第235章 眼睁睁逼人去死
霍靳琰眼神淡漠的飘向霍继程,“你想一手操控真相?”
霍继程面不改色,“难道你也信这疯子的胡言乱语?”
霍靳琰视线忽然变得温和,嘴角带着似笑非笑的神情,“既然叶南星的第一次给了父亲,父亲难道不该负起责任?”
宋暖猛地惊觉,霍靳琰这一招黄雀在后,真的让人猝不及防。
“啧,你们就是这样对待霍家未来的三房夫人?”
保镖们迎着霍靳琰的视线,明白他的意思,马上松开了叶南星。
叶南星扯开嘴角的胶布,畏畏缩缩的往后退了几步,整个房间似乎没有她的容身之所。
袁凤即刻铁青着脸,“老爷!瞧瞧他说的什么混账话?”
霍振扬愤怒的跌坐回椅子上,气喘吁吁的大吼:“这彻头彻尾就是一个陷阱,老子负责个屁!”
霍靳琰挑了挑眉,唇角勾起一抹弧度,“我怎么记得,你曾经语重心长的谴责过我只管睡却不负责。父亲,你该不会是想打自己脸吧?”

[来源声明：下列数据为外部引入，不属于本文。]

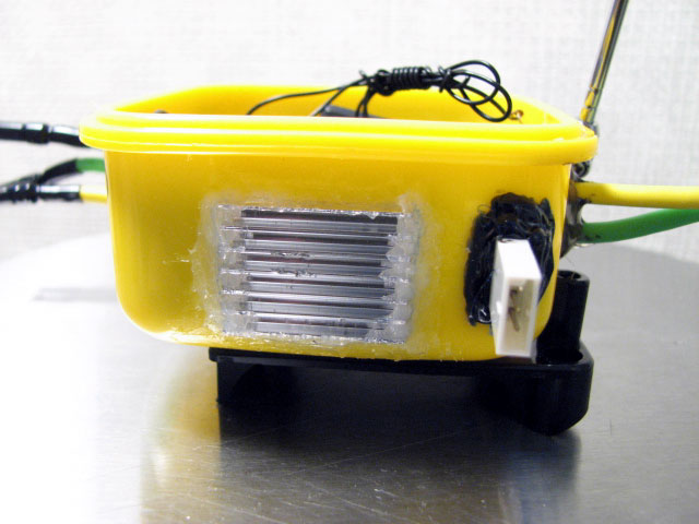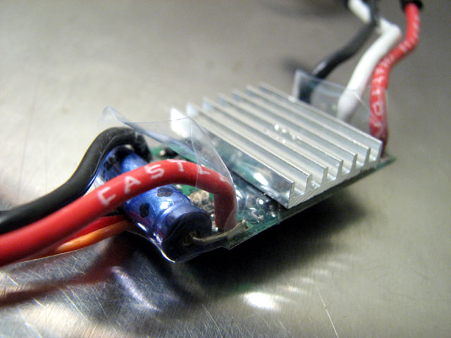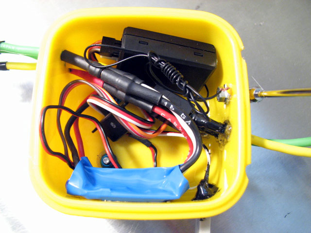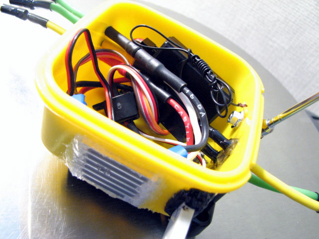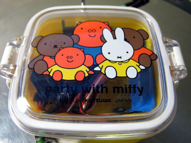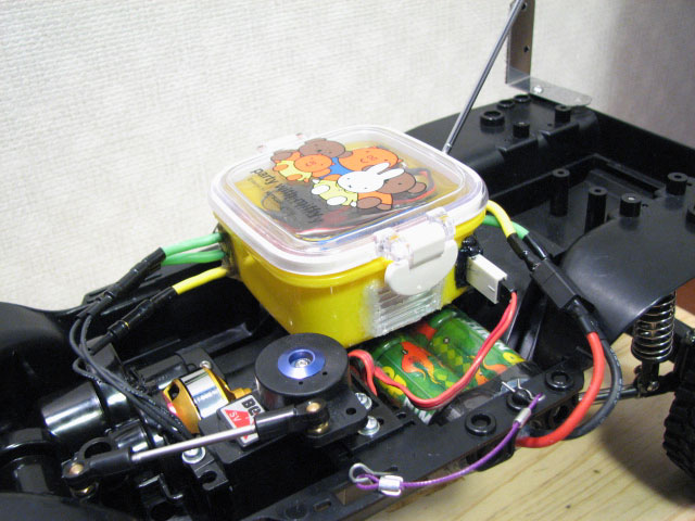 発熱するESCを密閉された場所に置いておくのって、絶対に良くないと思いました。 熱の逃げ場がないので、どうにか逃がしてやれないかと・・・。 CCに積んでいるマンバ25です。 はっきり言って、タッパーに入れたままではヒートシンクの意味がないんですよね。^^; このESCは結構発熱しやがるし・・。w で、おもむろにシュリンクを破り・・・。 こんな感じにしてやりました。 線の出し方を逆にしただけです。 四角いタッパーにヒートシンクが出せる穴を空けて・・・やりたいことお解りですよね。 これで、タッパーの中に入りながらも、ヒートシンクで基盤を冷やせる!・・はず。 蓋はミッフィーです。w てか、この手のタッパーが我が家にぎょーさん転がってましたわ。 トーマスのフタもありますよ。爆 子供のお弁当のお供になっていたようです。 creamさんと同じ、フライ返しでスキッドガードも造ってみました。^^ で、いつ走らすんでしょ?汗 |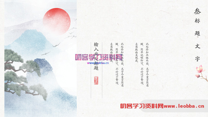 简约波涛红日国潮风PPT模板。一套简约中国风模板,新中式国潮风格规划,波涛、红日等元素背景。

霍振扬气得脸色跟猪肝一样,却不方便发作,“孽子,说得轻松,你就不怕你妈更加伤心?”
“我该恭喜老爷了。”
林云芝面无表情的从外面出来,估计也是躲起来看了一场好戏。
“我看这叶南星也挺乐意,要不要找个良辰吉日,拜个堂什么的?”
霍振扬气得说不上话了,“胡闹……,你怎么也跟着发疯?!”
袁凤拍着霍振扬的背,眼神狠毒的瞪着林云芝一眼,“姐姐话说得可真没良心,如果你真在乎老爷,必然不会大方到再让个狐狸精来分享他。”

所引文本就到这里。